Far beneath Yellowstone’s famous geysers, the ground is quietly on the move. Parts of the volcanic system are rising by millimeters to centimeters, forming a broad, city-scale bulge that only shows up in precise measurements. I see a story not of imminent catastrophe, but of how a dense web of instruments now tracks every subtle shift in one of the world’s most closely watched volcanoes.
That quiet uplift has returned along the volcano’s north rim, where a feature known as the Norris Uplift Anomaly is again pushing the surface upward.

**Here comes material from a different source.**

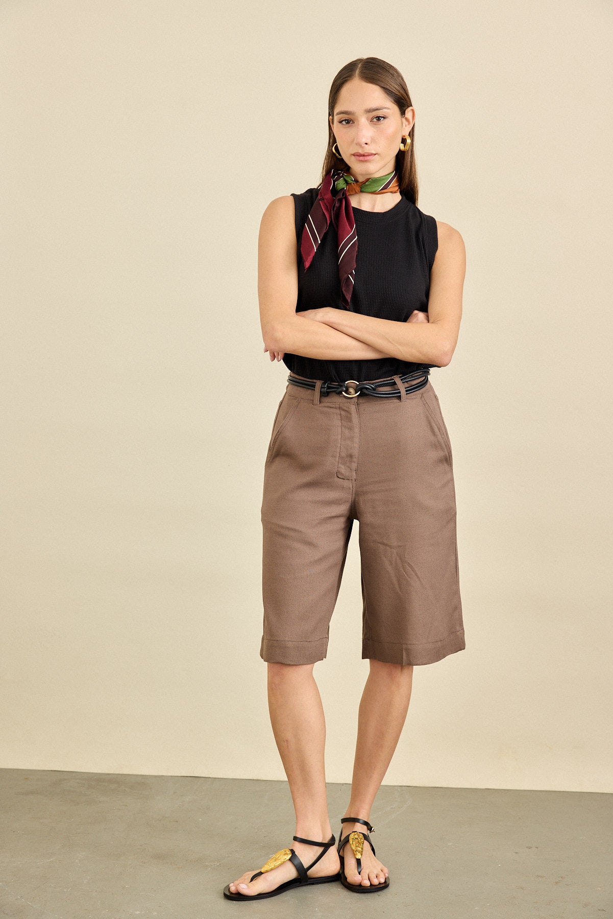 המכנסיים באורך ברך.

The change is too small for visitors to notice, yet sensitive sensors and satellites are mapping it in fine detail, turning Yellowstone into a real-time laboratory for how restless calderas breathe.
Yellowstone’s restless floor and a Chicago-sized bulge
Yellowstone has always been a dynamic landscape, but the current pattern of uplift is unusually focused along the north rim of the Yellowstone Caldera. Scientists describe a Chicago-sized bulge that has risen about an inch since July, a reminder that the volcanic system is still very much alive beneath Yellowstone National Park. I find it striking that such a large feature can grow in a matter of months while remaining invisible to anyone standing on the ground.
Researchers say this swelling is centered near the caldera’s edge and is being tracked as a city-scale deformation zone that continues to evolve. Reports note that Scientists are monitoring a Chicago-sized bulge along the volcano’s north rim that has risen an inch since July, and that the feature lies along the Yellowstone Caldera in Yellowstone National Park. A separate account underscores that There is a city-sized uplift along the caldera’s north rim, reinforcing the scale of the deformation that is now under close watch.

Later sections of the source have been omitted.